Injunction denied as trademark used in descriptive manner

In Expobicentenario SA v Arte Gráfico Editorial Argentino SA (Case 3201/10, August 19 2010), the Court of Appeals has refused to issue an injunction against use of the phrase 'Argentina 200 años' by the defendant.
Plaintiff Expobicentenario SA owned the trademark ARGENTINA 200 AÑOS, registered for goods and services in Classes 16, 35 and 41 of the Nice Classification. Defendant Arte Gráfico Editorial Argentino SA, probably the biggest media corporation in Argentina, published a supplement of the Clarín newspaper in commemoration of the 200th anniversary of the Argentine independence using the expression 'Clarín Bicentenario 1810-2010', as well as 'Argentina 200 años' ('Argentina 200 years').

The plaintiff sought an injunction preventing the defendant from using the phrase 'Argentina 200 años'. The defendant argued that CLARÍN was a well-known trademark and was distinctive.

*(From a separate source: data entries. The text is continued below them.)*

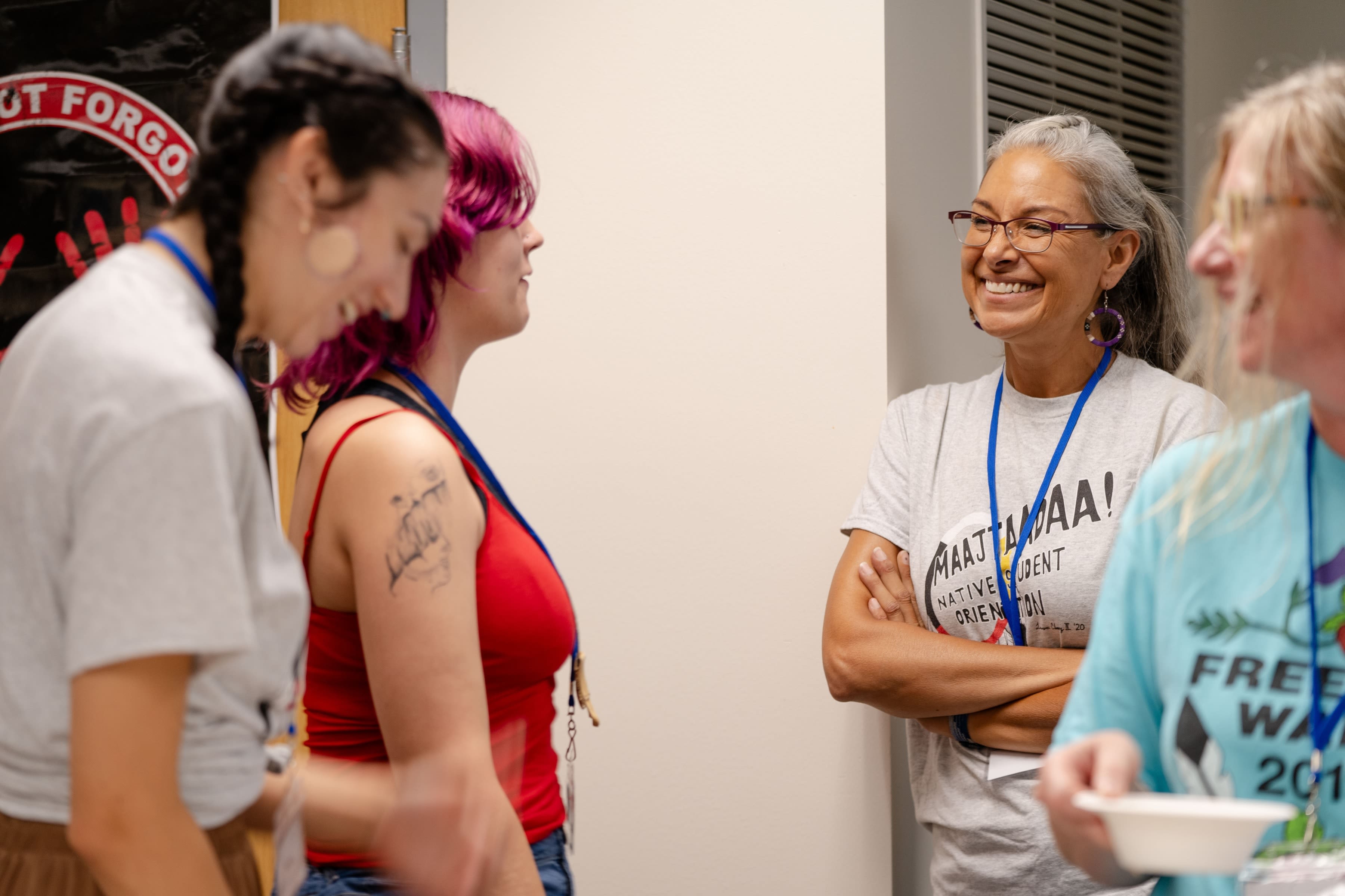 Lin Bardwell, assistant director of the Office of Multicultural Affairs, talks with students during Native American Maajtaadaa! Student orientation.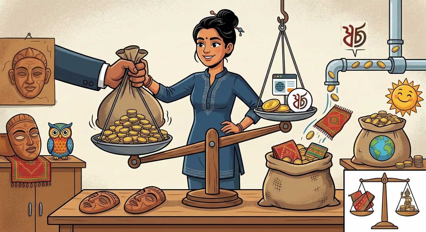 সোজা হিসেব। কোনো কমিশন নেই, কোনো লিস্টিং ফি নেই। আপনি যদি মাসে পঁচিশ হাজার টাকার পণ্য বিক্রি করেন, তাহলে পঁচিশ হাজার টাকাই আপনার। Etsy-তে এই বিক্রিতে শুধু ট্রানজ্যাকশন ফি আর লিস্টিং চার্জেই দুই হাজার টাকার বেশি চলে যেত। Amazon-এ আরো বেশি। এই পার্থক্যটা ছোট মনে হতে পারে। বছরের হিসেবে এটা একটা উল্লেখযোগ্য অঙ্ক — এবং সেটাই আপনার পকেটে থাকার কথা।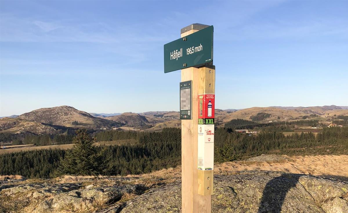 Stolpe nummer 63, Håfjell. Denne stolpen finn du på kartet "Ti turar i Time".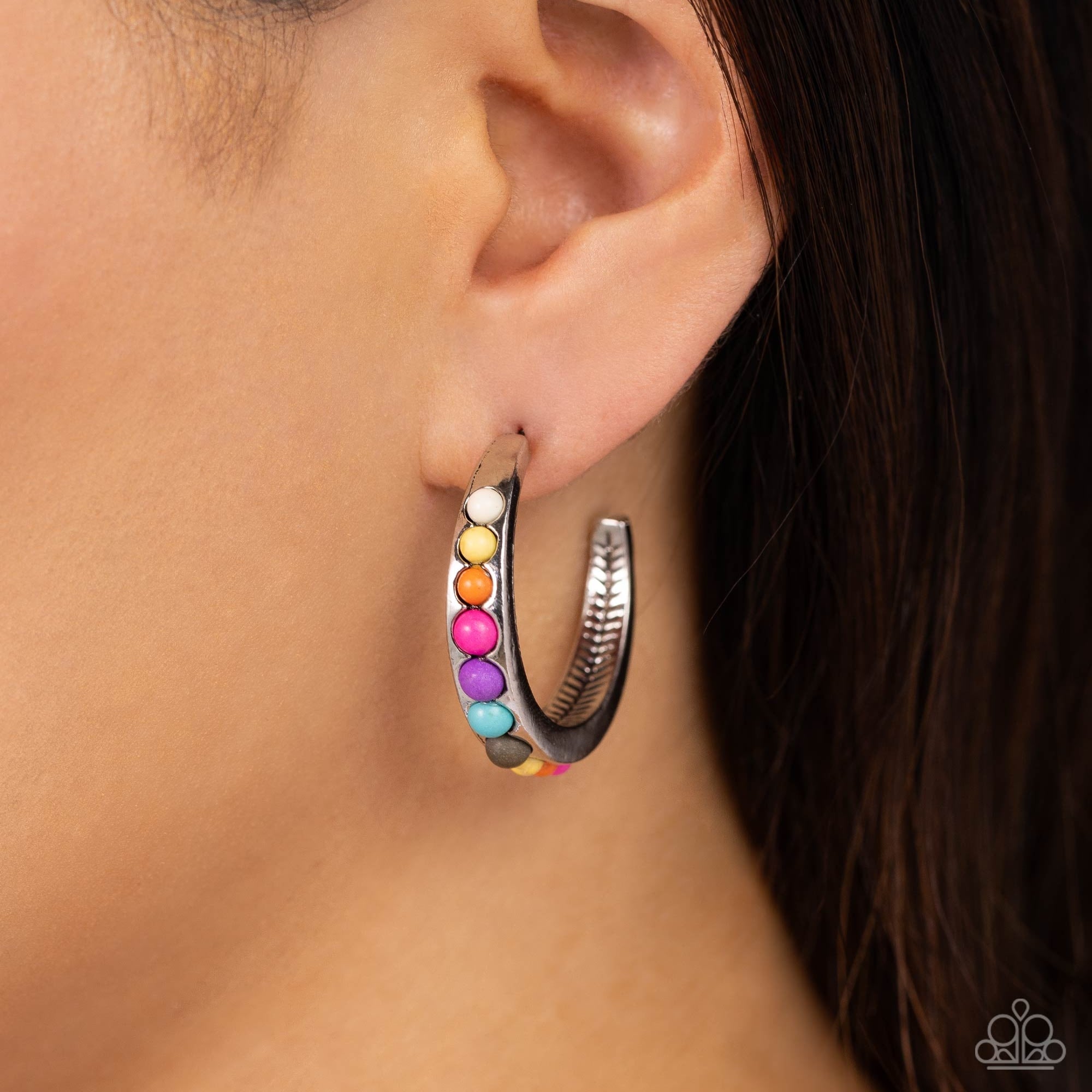 The front of a dainty silver hoop is dotted in a row of multicolored stone beads, creating a colorfully rustic look. Earring attaches to a standard post fitting. Hoop measures approximately 1" in diameter.

The Court of Appeals denied the injunction, despite the defendant's use of the registered trademark ARGENTINA 200 AÑOS. The court stated that, according to doctrine, “use of a third party’s mark in a non-typical manner is not necessarily illegal”. Here, the phrase 'Argentina 200 años' was not used as a trademark, but in a descriptive way.

According to the court, the presumption that freedom of expression should be limited when a phrase contains a trademark must be rejected when the mark is not used in a distinctive way. Such use does not fall within the scope of protection of the trademark.